L’actualité de ce premier quart de 21ème siècle n’est pas avare d’images, de chiffres ou de dépêches montrant toute la barbarie de ce monde. Barbarie de la guerre et du militarisme d’abord, que ce soit en Syrie, au Soudan, au Congo-Kinshasa, en Palestine, en Ukraine ou ailleurs, barbarie des bombardements du tyran Al-Assad ou des massacres commis par les fanatiques de Daesh ou d’Al-Qaïda, barbarie des exécutions sommaires en Iran, en Chine ou en Arabie Saoudite, barbarie de la misère privant hommes, femmes et enfants du minimum vital, barbarie de l’exploitation capitaliste et de ces dizaines et dizaines de morts, des mines de Soma en Turquie aux ateliers textile du Bangladesh, en passant par Tianjin, sans oublier, plus près de nous, les victimes de l’amiante et les salariés qui, à Lidl, chez Orange ou chez Dacia, préfèrent se suicider que de continuer à subir la pression des chefs et la dégradation des conditions de travail…

Chaque jour cette barbarie hurle la nécessité d’en finir avec ce vieux monde capitaliste, hurle la nécessité de la révolution et du communisme. Barbarie aussi, aux frontières de l’Europe, où des milliers de réfugiés, des milliers de femmes, d’hommes et d’enfants fuyant les guerres, la dictature et la misère, font face aux politiques xénophobes des Etats de l’Union Européenne. L’image du petit Aylan Kurdi, ce petit garçon syrien de trois ans retrouvé noyé sur une place de Turquie a fait le tour du monde et est le symbole de ces milliers d’anonymes originaires de Syrie, d’Afghanistan, d’Érythrée, du Congo, du Soudan, d’Ukraine, ou d’ailleurs qui risquent leurs vies pour chercher une vie plus sure en Europe.

Mais ces derniers jours ont montré également qu’il y a une lumière au bout du tunnel, un espoir pour sortir de cet âge barbare.
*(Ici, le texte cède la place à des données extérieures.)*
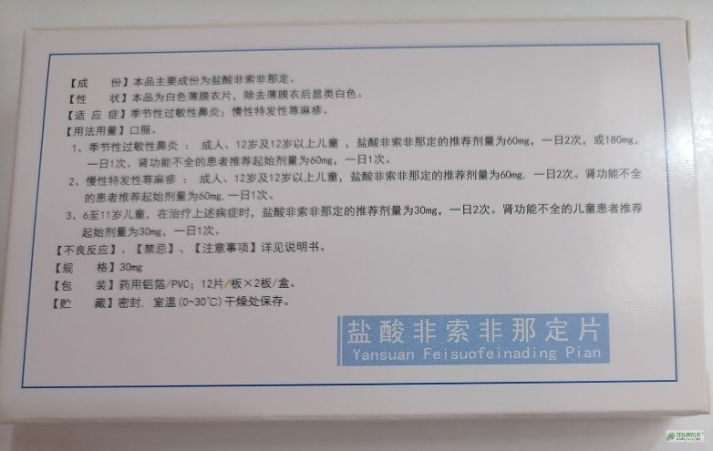 【成份】鹽酸非索非那定。
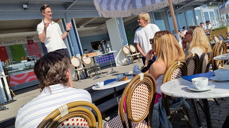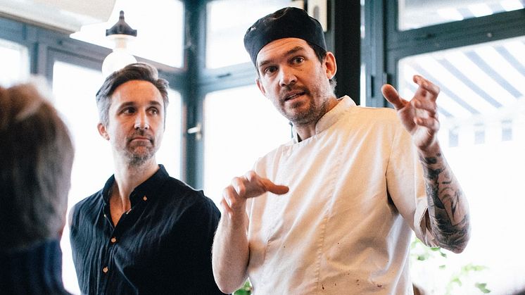 - Bildtext 1: Maximillian Lundin (tv) och Fredrik Ekman (th) i samspråk med journalister på Bluewaters pressträff hos Skeppsbro bageri.
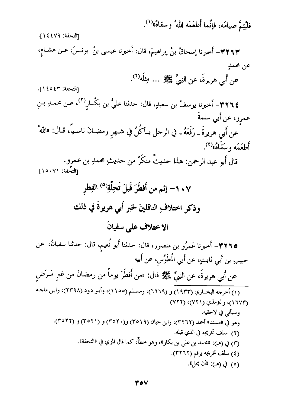 3264 - أَخْبَرَنَا يُوسُفُ بْنُ سَعِيدٍ قَالَ: حَدَّثَنَا عَلِيُّ بْنُ بَكَّارٍ، عَنْ مُحَمَّدِ بْنِ عَمْرٍو، عَنْ أَبِي سَلَمَةَ، عَنْ أَبِي هُرَيْرَةَ، رَفَعَهُ فِي الرَّجُلِ يَأْكُلُ فِي شَهْرِ رَمَضَانَ نَاسِيًا قَالَ: «§اللهُ أَطْعَمُهُ وَسَقَاهُ» قَالَ: أَبُو عَبْدِ الرَّحْمَنِ: هَذَا حَدِيثٌ مُنْكَرٌ مِنْ حَدِيثِ مُحَمَّدِ بْنِ عَمْرٍو
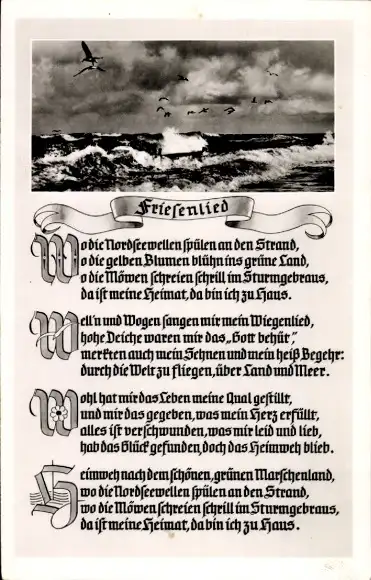 Ak Friesenlied, Wo die Nordseewellen spülen an den Strand, Möwen

Cet espoir ce sont ces milliers de gens ordinaires qui se sont portés volontaires pour apporter leur solidarité aux réfugiés. Dans les gares de Munich, de Francfort, de Hambourg, de Vienne, de Salzbourg,… les réfugiés sont accueillis avec des applaudissements, des banderoles « bienvenue », des boissons, des fruits, des bonbons, des couches, des habits chauds ou même des nounours. Même en Hongrie, malgré le régime autoritaire et raciste de Viktor Orban, des gens ordinaires ont témoigné de leur solidarité, comme ces travailleurs et travailleuses de la santé qui ont apporté les premiers soins à certaines familles. A Belgrade, Sarajevo et dans d’autres villes des Balkans, en Italie ou en Grèce, à Roubaix en Belgique et ailleurs en Europe, on voit des témoignages de solidarité avec les réfugiés. Des manifestations ont également eu lieu dans un certain nombre de villes d’Europe ou d’Amérique du Nord ces derniers jours, comme à Dresde, Vienne, Paris, Nantes, Toulouse, Montréal, Vancouver, Zurich, etc. pour dire « bienvenue aux réfugiés » et dénoncer les politiques xénophobes et inhumaines de fermeture des frontières. En France, contrairement à d’autres pays d’Europe, et malgré les premières manifestations, le mouvement doit encore se construire. Toutes ces manifestations de solidarité sont la meilleure réponse de la population et des gens ordinaires aux politiques inhumaines des gouvernements et aux partis et groupes racistes.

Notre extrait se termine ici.